When the Canonical source of a data set is inherently a CSV file type, we have several options to extract the data into Snowflake. All the options have different pros and cons.
-
dbt seed: This is a solid option. dbt seed is version controlled via GitLab, easy to update via MR in GitLab Web IDE. A con is that it is recommended to be used with low row counts, about a 1,000.
-
GCP Driveload: This is a solid option as well. It is stable and has no unexpected changes to data. A con is that you have to load a new file to driveload to update.
-
Sheetload: Sheetload makes it easy for team members to enter data and self-serve in GSheets. However, there are several issues associated with Sheetload: it is unstable and has broken many times, causing downstream data to get stale; it is hard to keep SOX compliant; it is an uncontrolled entry point into the data warehouse. In certain cases, we’ve had to disable the Sheetload model extraction to ensure trust for Tier 1 data assets and prevent unexpected changes to data.
Of the 3 options, dbt seed is the highest preference when the use case requires less than 1000 records of data. GCP Driveload is preferred when a row limitation prevents the use of dbt seed. Sheetload is the last option for any of our Tier 1 Data Assets due to low stability and high difficulty of audit.
Naming Standards
It is critical to be intentional when organizing a self-service data environment, starting with naming conventions. The goal is to make navigating the data warehouse easy for beginner, intermediate, and advanced users. We make this possible by following these best practices:
- PREP TABLES:
prep_<subject>
= Used to clean raw data and prepare it for dimensional analysis. - FACT TABLES:
fct_<verb>
Facts represent events or real-world processes that occur. Facts can often be identified because they represent the action or ‘verb’. (e.g. session, transaction) - DIMENSION TABLES:
dim_<noun>
= dimension table. Dimensions provide descriptive context to the fact records. Dimensions can often be identified because they are ’nouns’ such as a person, place, or thing (e.g. customer, employee) The dimension attributes act as ‘adjectives’. (e.g. customer type, employee division) - MART TABLES:
mart_<subject>
= Join dimension and fact tables together with minimal filters and aggregations. Because they have minimal filters and aggregations, mart tables can be used for a wide variety of reporting purposes. - REPORT TABLES:
rpt_<subject>
= Can be built on top of dim, fact, and mart tables.

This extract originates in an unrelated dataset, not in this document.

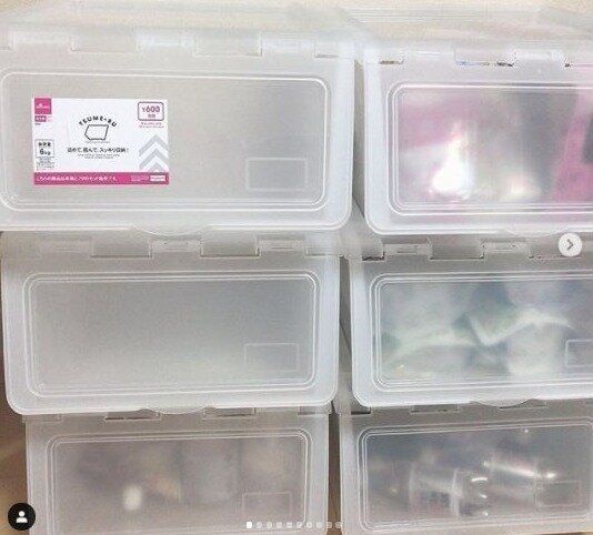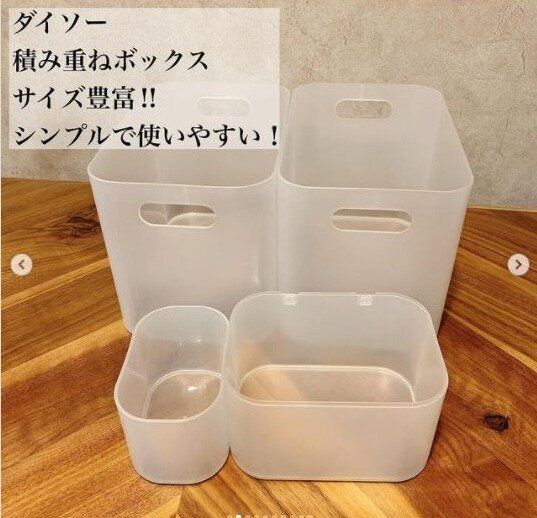 ダイソーの積み重ねボックスはシンプルなデザインでサイズの豊富なので使い勝手も抜群。中が透けて見えるので見せる収納には少し使いにくいですが、ハンドメイドが好きな人はぜひ自分好みにアレンジすることでインテリアに合ったおしゃれな収納ボックスに大変身します。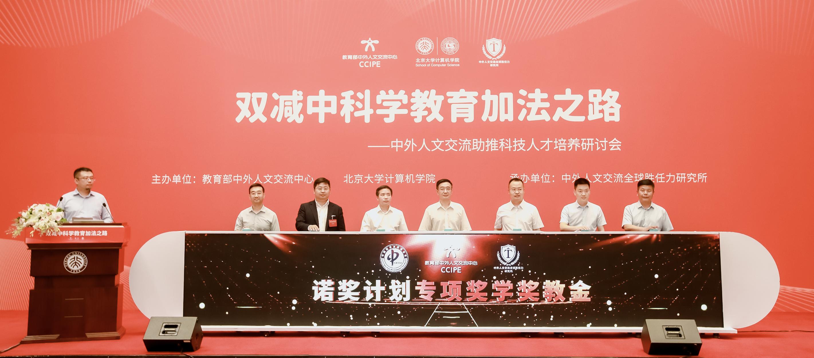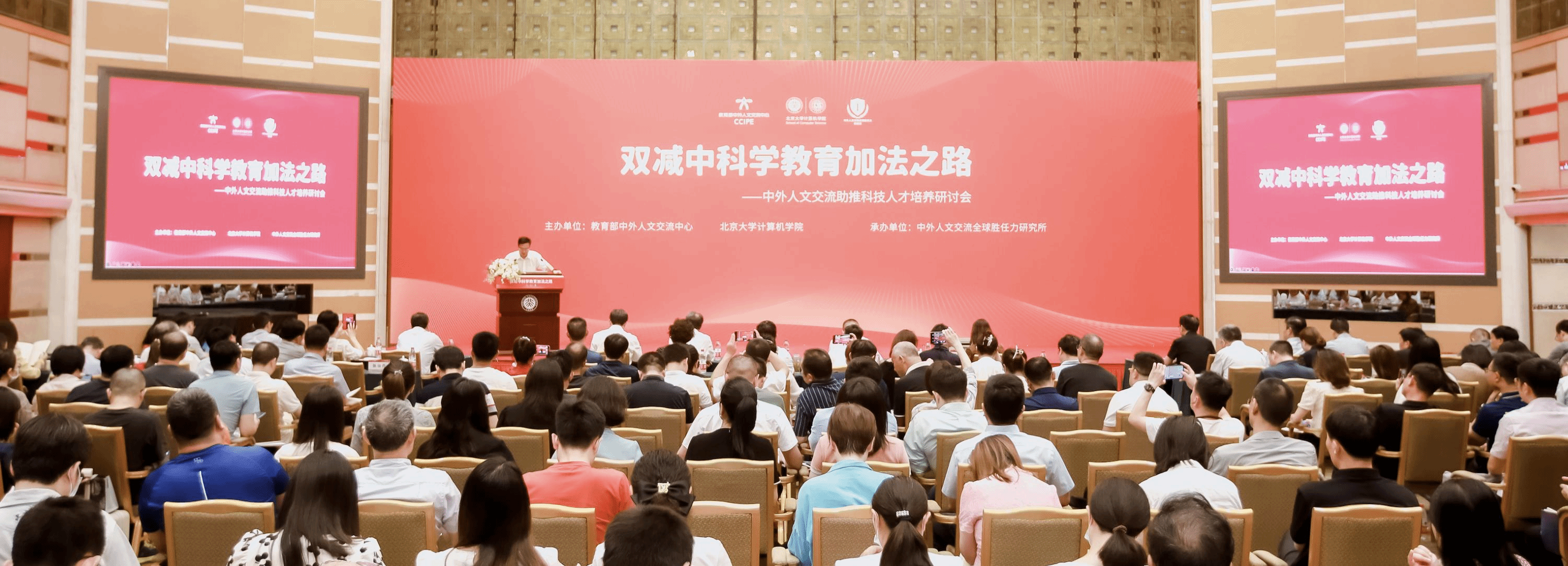 618日,在北京大学深入开展学习贯彻习近平新时代中国特色社会主义思想主题教育之际,北京大学计算机学院为深入学习贯彻落实习近平总书记的重要讲话精神,与教育部中外人文交流中心在英杰交流中心阳光大厅联合举办“双减中科学教育加法之路——中外人文交流助推科技人才培养”研讨会,以系统部署在教育“双减”中做好科学教育加法,支撑服务一体化推进教育、科技、人才高质量发展。教育部中外人文交流中心主任杜柯伟、副主任曹叠峰,教育部科技发展中心前主任、中国教育发展战略学会副会长李志民,中国教育发展基金会副秘书长成梁,北京大学计算机学院党委书记熊校良,北京外国语大学继续教育学院院长高晓东,中外人文交流全球胜任力研究所执行主任刘恋及副主任王凯昊共同出席研讨会。来自青少年科技教育、中外人文交流领域的专家学者和上百所中小学校长济济一堂,共同探讨“双减”背景下构建中小学科学教育体系,打造创新型、国际化科学教育特色学校的路径与方法。

Very specific filters are applied that make report tables applicable to a narrow subset of reporting purposes. - PUMP TABLES:
pump_<subject>
= Can be built on top of dim, fact, mart, and report tables. Used for models that will be piped into a third party tool. - MAP TABLES:
map_<subjects>
= Used to maintain one-to-one relationships between data that come from different sources. - BRIDGE TABLES:
bdg_<subjects>
= Used to maintain many-to-many relationships between data that come from different sources. See the Kimball Group’s documentation for tips on how to build bridge tables. - SCAFFOLD TABLES:
rpt_scaffold_<subject>
= Used to support the visualization layer by creating a template / blueprint with all the combinations of common dimensions between the desired fact tables. - Singular naming should be used, e.g. dim_customer, not dim_customers.
- Use prefixes in table and column names to group like data. Data will remain logically grouped when sorted alphabetically, e.g. dim_geo_location, dim_geo_region, dim_geo_sub_region.
- Use dimension table names in primary and foreign key naming. This makes it clear to the user what table will need to be joined to pull in additional attributes. For example, the primary key for dim_crm_account is dim_crm_account_id. If this field appears in fct_subscription, it will be named dim_crm_account_id to make it clear the user will need to join to dim_crm_account to get additional account details.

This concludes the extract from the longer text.